For more examples, Objective-C does this on 64-bit, and many Lisp implementations use it. Swift uses it for certain enum payloads.

An interesting variant is to stuff your pointers into the payload of an IEEE754 NaN value. This is popular in JavaScript, since JS numbers are IEEE754 doubles.

Nice article covering both tagged integers and pointers in NaN: https://nikic.github.io/2012/02/02/Pointer-magic-for-efficie...
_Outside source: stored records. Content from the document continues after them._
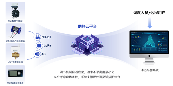 智能平衡閥與樓棟超聲波熱量表等產品組合輸出,組成智能水力平衡裝置。戶端智能平衡方案總體上由軟件平臺上的熱用戶監測調控系統、樓棟單元熱力入口處的智能水力平衡裝置、用戶室內的室溫采集器和數據傳輸的網絡設備組成。通過對客戶進行二網智能平衡改造和建設,實現居民小區管網二次水力平衡的自動化調節,釋放現場調節所需的人力、提高運行管理效率與服務水平,實現均衡輸配的低能耗、高質量的供熱模式。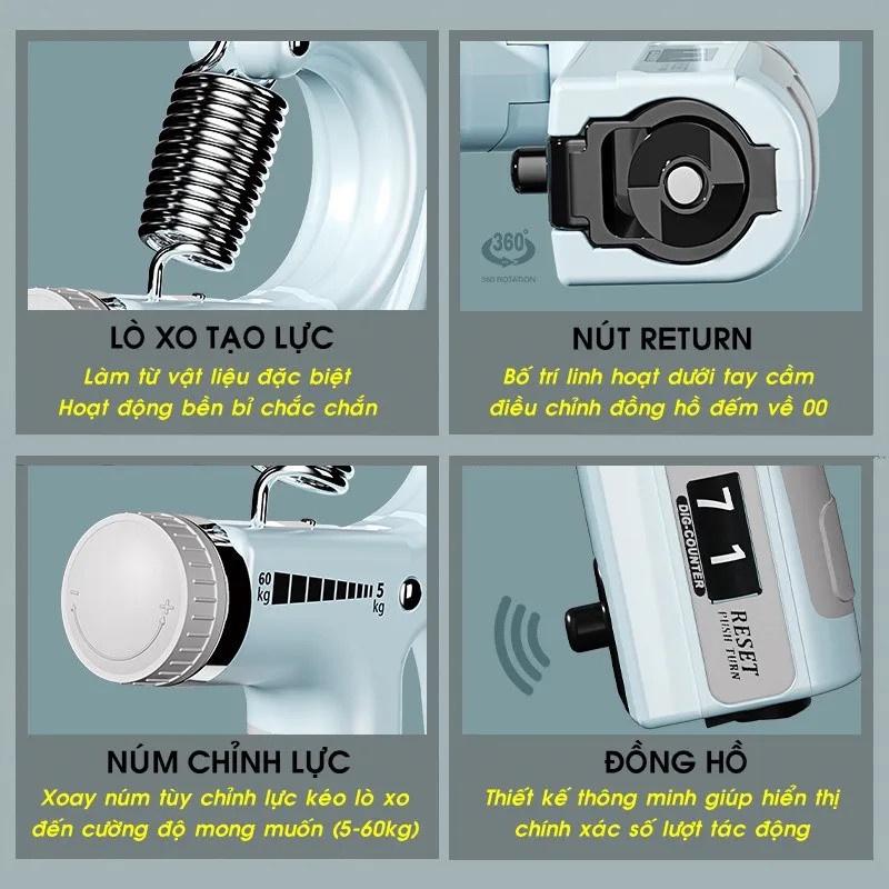 Kìm Bóp Tay Kìm Tập Cơ Tay Dụng Cụ Tập Gym Tại Nhà Điều Chỉnh Lực 5-60kg Có Đếm số tự động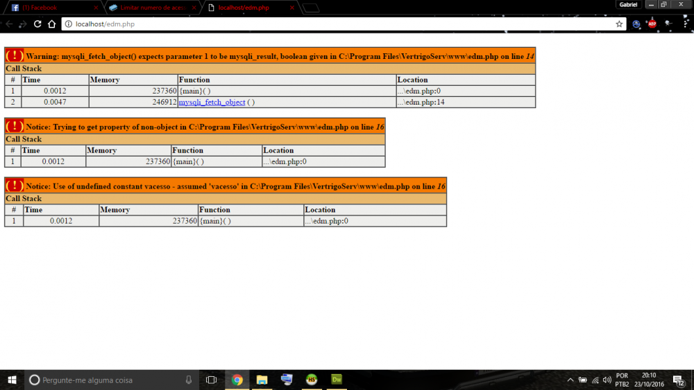 @DiF edm.php <?php include "Connections/conexao.php"; $confereLimite = mysqli_query($conexao ,"Select vacessos from usuarios where idusu = 4"); //Põe os dados em um objeto $usuario = mysqli_fetch_object($confereLimite); $qtdAcessos = $usuario->vacessos; if($qtdAcessos < 5): //Incrementa a quantidade. é a mesma coisa que $qtdAcessos = $qtdAcessos + 1 $qtdAcessos++; $atualiza = mysqli_query($conexao ,"UPDATE usuarios SET vacessos = $qtdAcessos where idusu = 4"); //Confere se o SQL de atualização foi realizado if($atualiza): echo "É a sua $qtdAcessos visita"; endif; else: echo "Você estourou o limite de visitas"; endif; ?> conexao.php <?php error_reporting (E_ALL & ~ E_NOTICE & ~ E_DEPRECATED); # FileName="Connection_php_mysql.htm" # Type="MYSQL" # HTTP="true" $hostname_conexao = "localhost"; $database_conexao = "edm"; $username_conexao = "root"; $password_conexao = "vertrigo"; $conexao = mysql_pconnect($hostname_conexao, $username_conexao, $password_conexao) or trigger_error(mysql_error(),E_USER_ERROR); ?> -
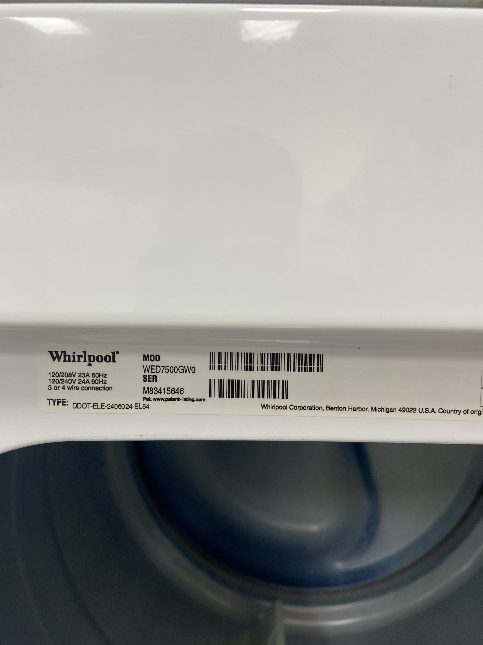 Whirlpool Front load Dryer WED7500GWO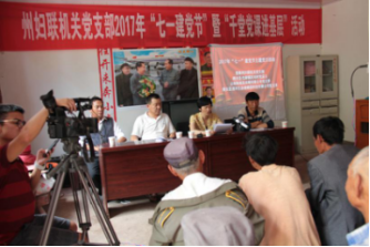五是开展一次主题党日活动。7月6日下午,联合州女企业家协会党支部、州妇女彝绣协会党支部、楚雄市鹿城镇灵秀社区党总支,共同开展了主题党日活动,州妇联党组书记、主席阿明仙为全体党员作了“两学一做”学习教育常态化制度化专题党课,并开展了党章知识抢答活动。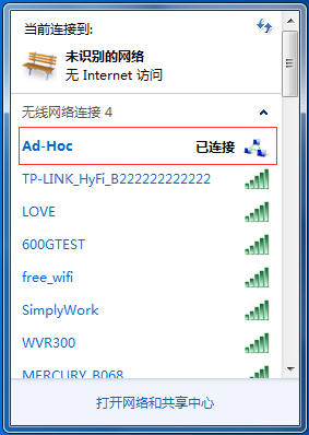 Ad-Hoc网络设置完成后,无线终端连接上Ad-Hoc的网络即可实现互访,以Windows 7系统的电脑为例,连接无线信号的方法如下: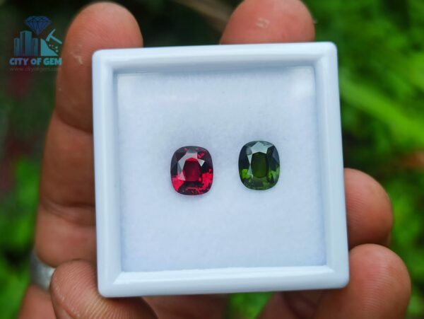 Green & Red – Natural Green Zircon and Red Garnet Couple from Sri Lanka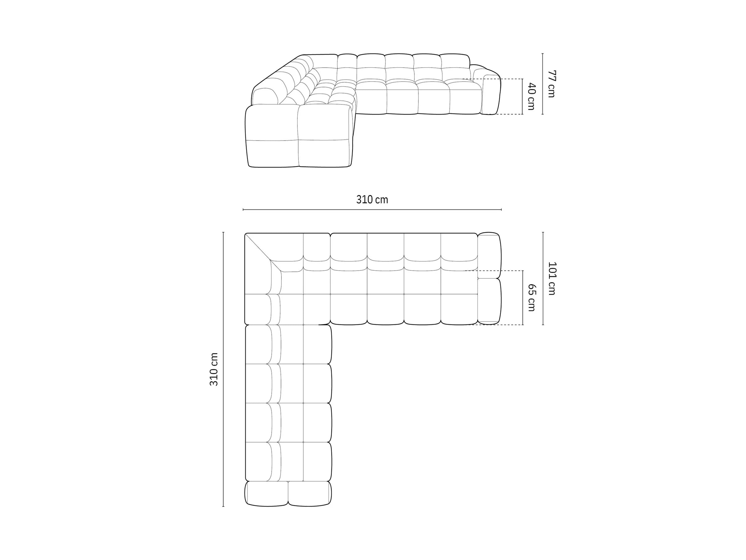 Narożnik aksamitny prawostronny 5-osobowy JODIE jasnoszary Micadoni    Eye on Design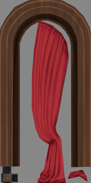 I'm assuming that the curtain was designed to have a wooden frame around it, but the actual mesh in game does not have it and now the curtain is just floating away from the wall.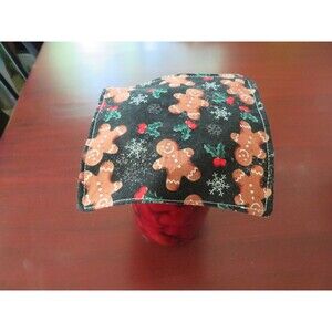 Jar Gripper, Handmade Jar Opener, Christmas Gingerbread Men. Cotton fabric with Christmas gingerbread men, 5-1/2 x 5-1/2 inch square jar grippers. The back side is made of brown shelf liner. Made to get a good grip on lids that are hard to open. CARE: Machine wash cold water. Lay flat to dry.

Copy of Mozilla's article presenting their switch to NaN tagging: https://evilpie.github.io/sayrer-fatval-backup/cache.aspx.ht... HN discussion with more history & links: https://news.ycombinator.com/item?id=1569825

Fascinating — I had no idea the technique had a name (the Ruby source isn't very heavy on comments). I'll update the article to include it.

This technique is so common in dynamic language implementations that it even has hardware support in some architectures, such as the SPARC TADD instruction that adds two registers and sets a condition code if any of the lower bits were set.

Here is a common-lisp compiler using tagged pointers for some common objects. https://github.com/sbcl/sbcl/blob/master/doc/internals/objec...

That is how Lisps speedup list operations since it is the most used data structure.

Since most pointers in macOS are 4-byte aligned (guaranteed by malloc), you can use the low bits for flags without having to shift anything.

Of course Obj-C already uses this for tagged-pointer numbers/strings/etc, so you've got competition if you want to start using this for something.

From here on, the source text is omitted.